The reason for the "super yields" is entirely down to a method of
growing crops called System of Rice (or root) Intensification (SRI). It
has dramatically increased yields with wheat, potatoes, sugar cane,
yams, tomatoes, garlic, aubergine and many other crops and is being
hailed as one of the most significant developments of the past 50 years
for the world's 500 million small-scale farmers and the two billion
people who depend on them.
Instead of planting three-week-old rice seedlings in clumps of three or
four in waterlogged fields, as rice farmers around the world
traditionally do, the Darveshpura farmers carefully nurture only half as
many seeds, and then transplant the young plants into fields, one by
one, when much younger.

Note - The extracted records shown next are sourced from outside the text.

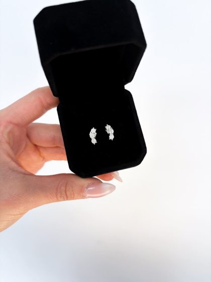 Estos aretes tipo topo destacan por su estructura estilizada y delicada, ofreciendo un brillo sutil que realza el rostro sin exagerar. Son ideales tanto para uso diario como para ocasiones especiales, convirtiéndose en un accesorio versátil que eleva cualquier outfit con elegancia.
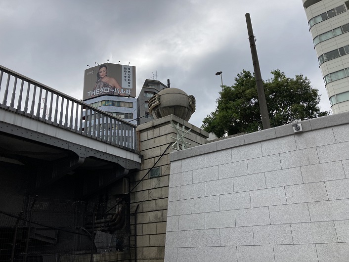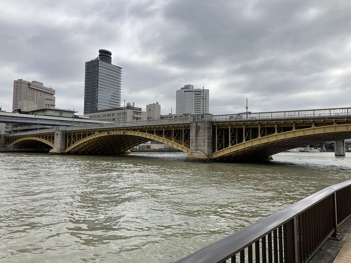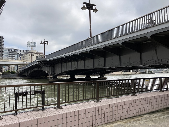 柳橋を渡って再び隅田川テラスに降ります。直ぐ先に両国橋が架かっています。親柱の上の丸い石のモニュメントが独特です。地球儀を模したものだそうです。両国の橋名は、最初に架けられた当時、武蔵国と下総国のふたつの国をつなぐ橋という意味から付けられたそうです。地球儀に四角い帯が巻き付いているのは、地球儀に描かれた国と国をつなぐ橋の意味もあるようです。
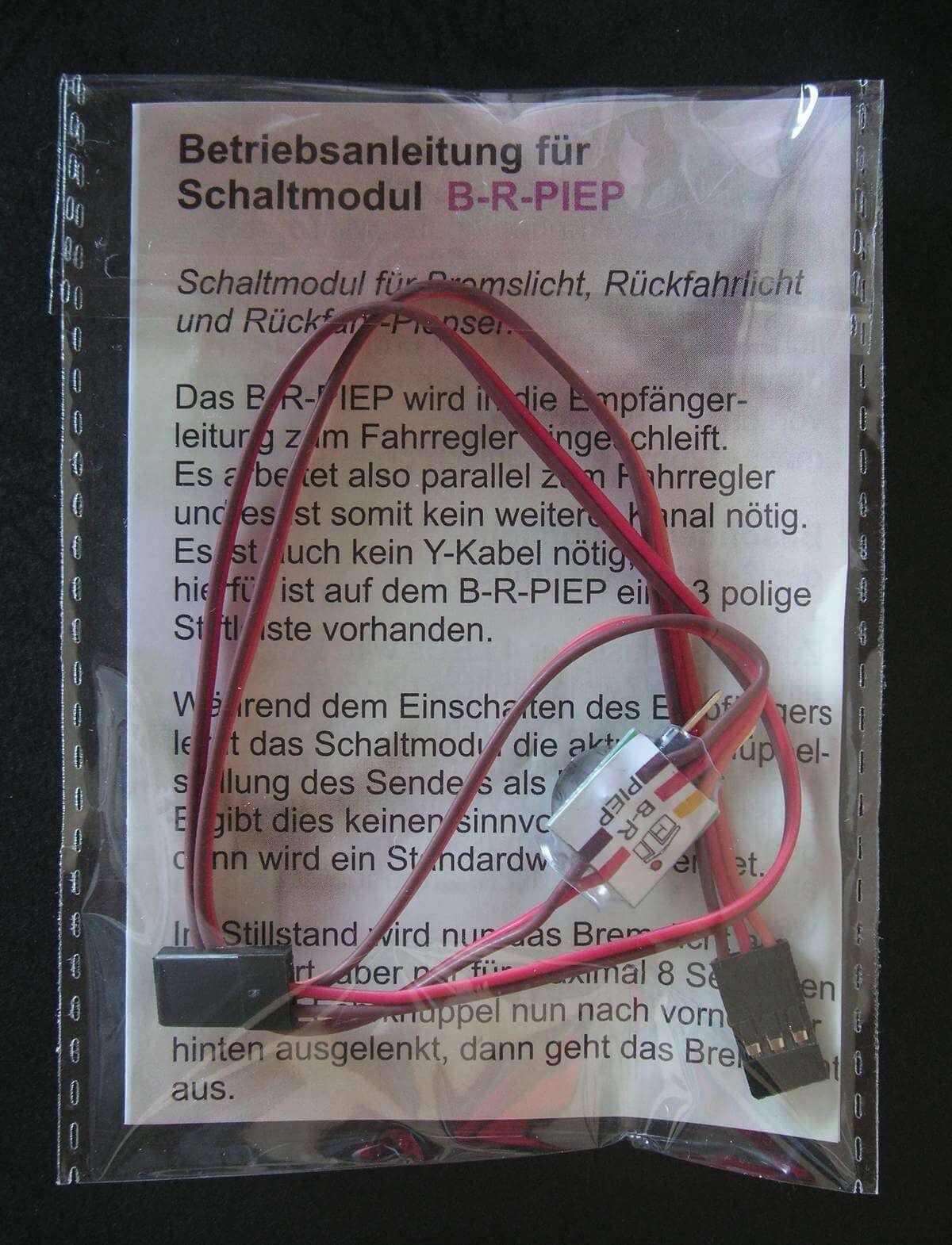 Schaltmodul für Brems- und Rückfahrlicht mit Rückfahr-Piepser! PS-B-R-Piep. Anschluß durch Einschleifen in das Empfängerkabel des Fahrreglers. CTI.
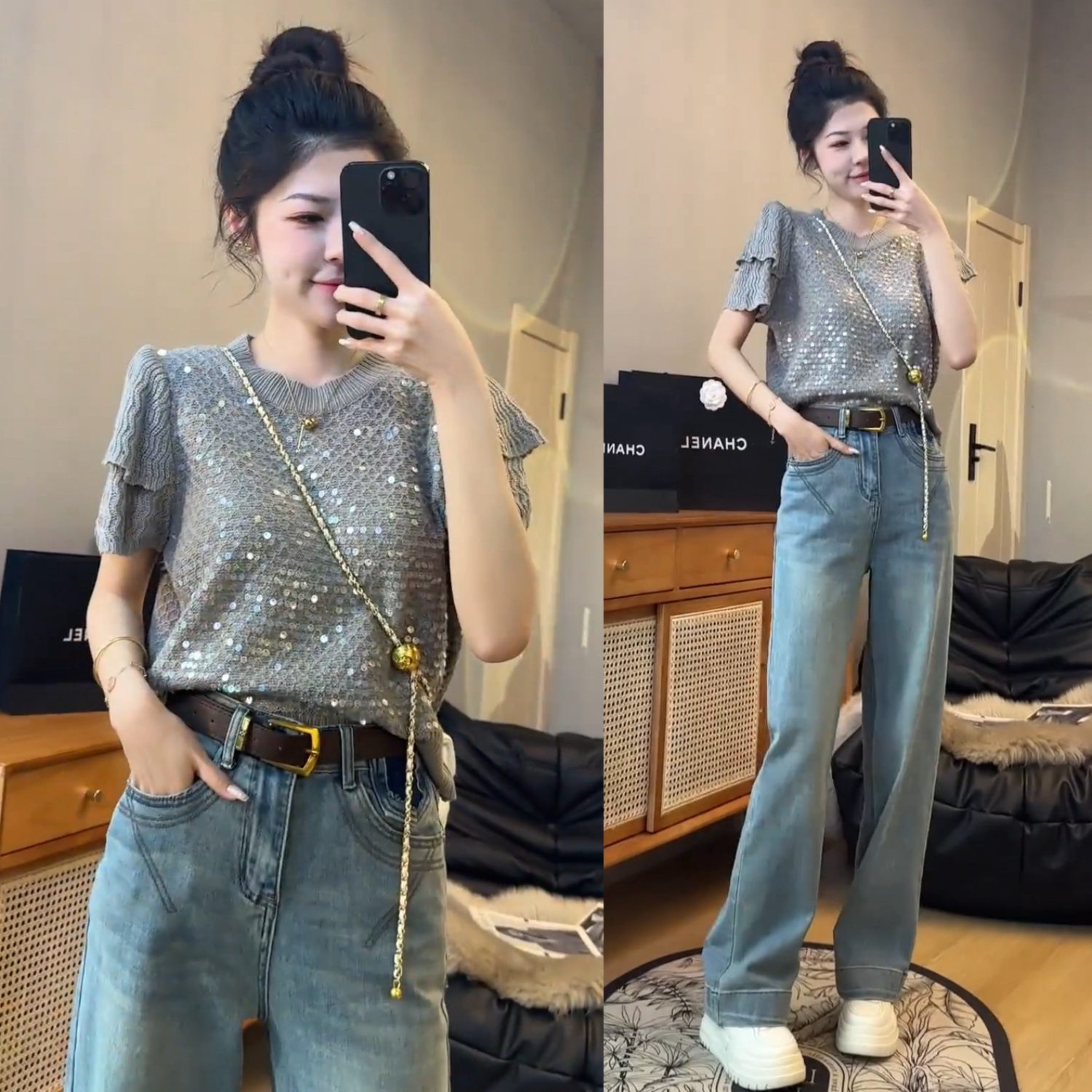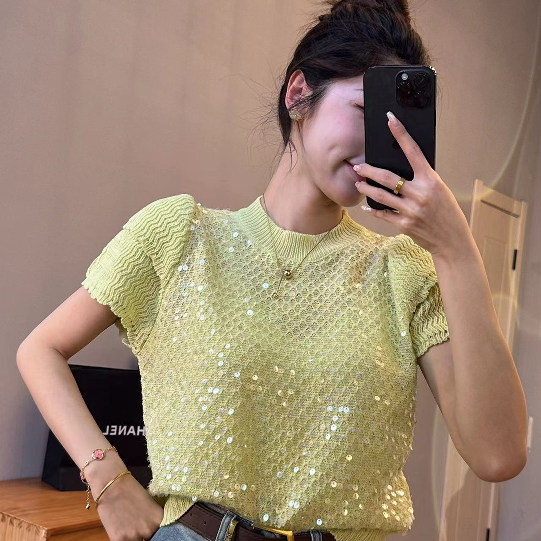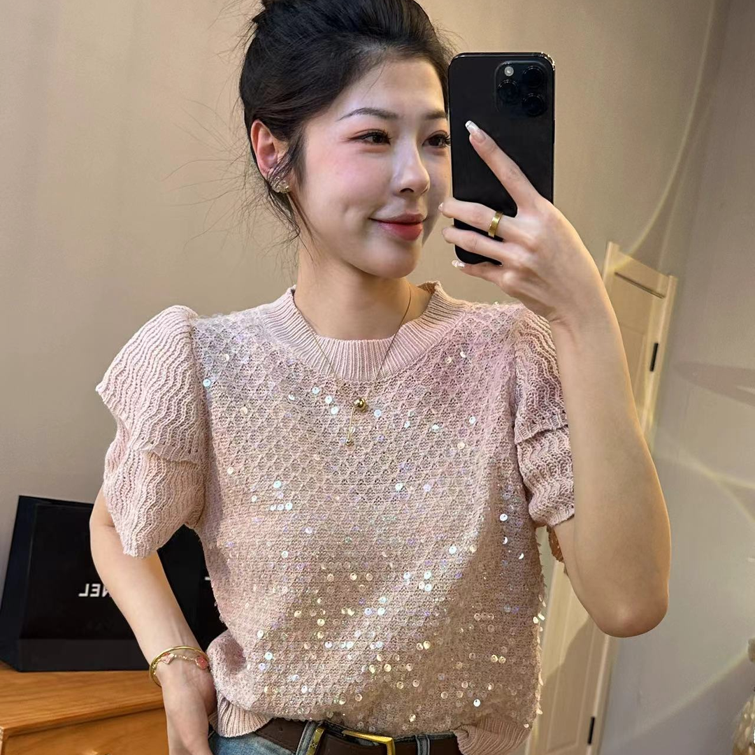 PF1641#法式重工亮片花苞袖套头圆领毛衣女 新款
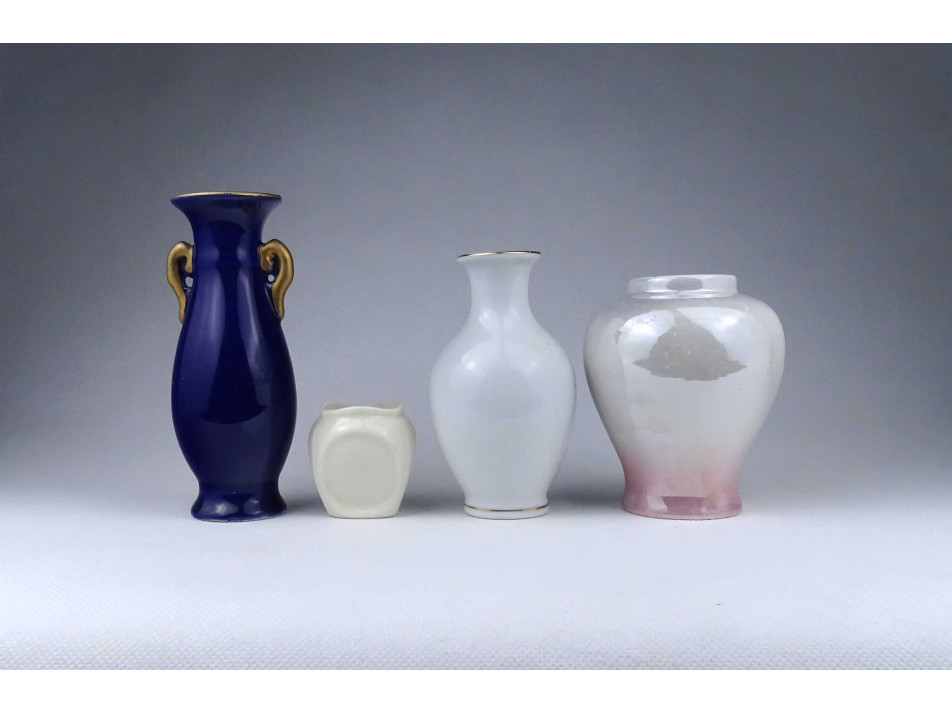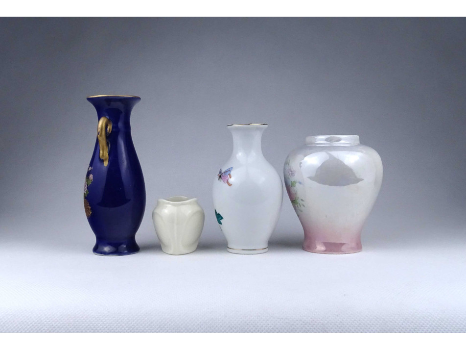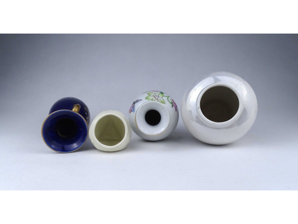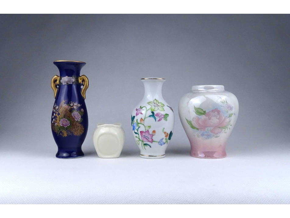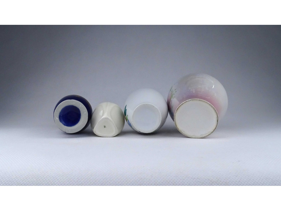 Régi, hibátlan állapotú, kisméretű különböző alakú és díszítésű, jelzetlen porcelán váza csomag, 4 darab egyben.
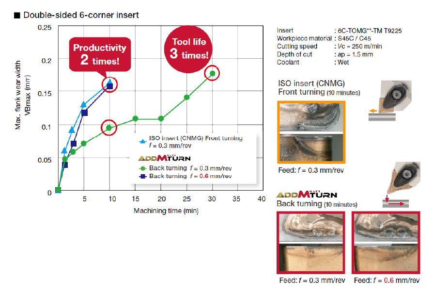 Double the feed rate with AddMultiTurn compared with ISO insert without compromising tool life.
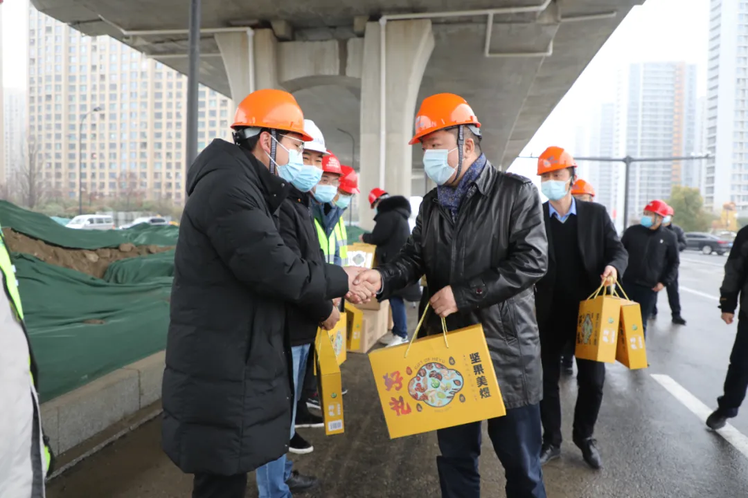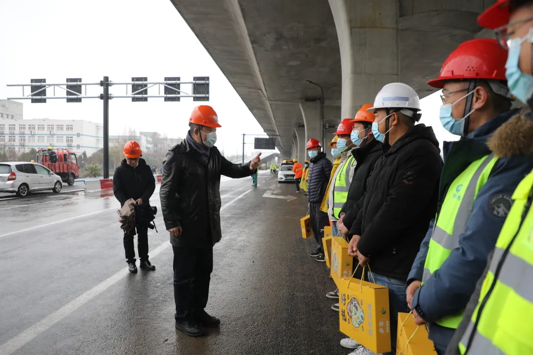 方軍一行先后來到03省道東復線高架南延工程戚楓路口和北塘河橋施工路段,查看了工程部分關鍵節點進展和沿線附屬工程設施建設情況,詳細了解了工程后續進度節點計劃和現階段具體施工、隱患排查、應急處置等方面的安全生產舉措落實情況,并為現場施工人員送去節日的問候和祝福,對他們的辛勤付出表示感謝。
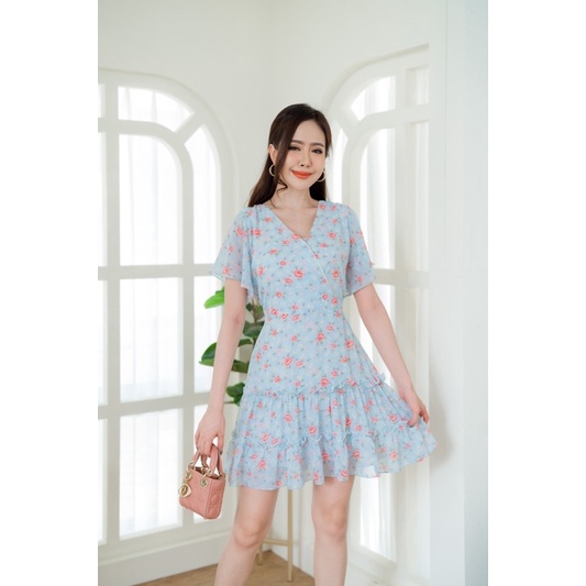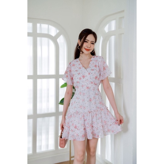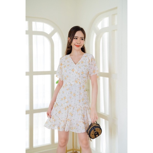 เดรสชีฟองคอวี แต่งระบายชายกระโปรง
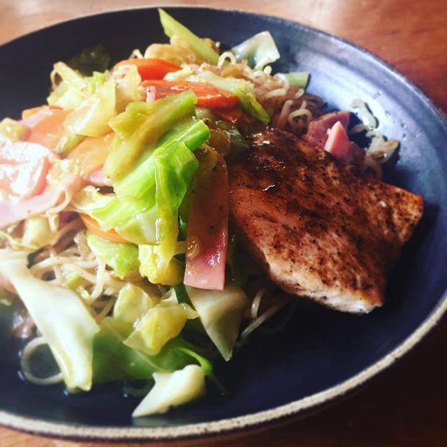 2017年3月27日2017年9月5日 焼きそばが食べたくて、麺だけかってあって、お店用に買ったけど使わなかったメカジキがあって、夜は鍋が食べたいと言うツレアイの意見を聞いた結果、メカジキのっけあんかけ焼きそばができあがりました。具もありあわせで、人参とセロリとキャベツにハム。あんかけにすれば大抵美味しい。 permalink
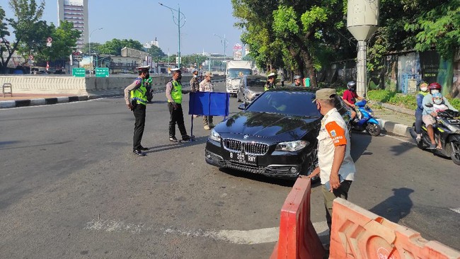 Peraturan ganjil-genap saat PPKM level 4 yang menggantikan penyekatan tetap berlaku di akhir pekan. Pengemudi mobil yang melanggar aturan tetap diputar balik.
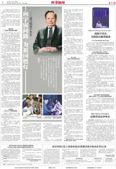 从清华园的青涩少年到诺贝尔领奖台上的华人骄傲,从规范场理论的奠基者到三尺讲台上的大先生,他用一个世纪的生命旅程,取得了峙立如嵩、博观如海的学术成就,书写了功在世界、心怀家国的隽永篇章。
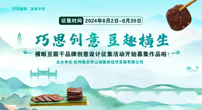 為深入推進臨安“橫畈豆腐干”系列品牌創建,匯聚更多創意,在傳承傳統非遺小吃的同時貼合現代消費需求,使品牌更具專業性和競爭力,助推產業高質量發展,特舉辦橫畈豆腐干品牌創意設計征集活動,面向社會公開征集橫畈豆腐干品牌 logo、禮盒包裝及即食小包裝設計。

Additionally, they space them at 25cm intervals
in a grid pattern, keep the soil much drier and carefully weed around
the plants to allow air to their roots.
SRI's origins go back to the 1980s in Madagascar
where Henri de Laulanie, a French Jesuit priest and agronomist,
observed how villagers grew rice in the uplands. He developed the method
but it was an American, professor Norman Uphoff, director of the International Institute for Food, Agriculture and Development at Cornell University, who was largely responsible for spreading the word about De Laulanie's work.
Given $15m by an anonymous billionaire to research sustainable development,
Uphoff went to Madagascar in 1983 and saw the success of SRI for
himself: farmers whose previous yields averaged two tonnes per hectare
were harvesting eight tonnes. In 1997 he started to actively promote SRI
in Asia, where more than 600 million people are malnourished.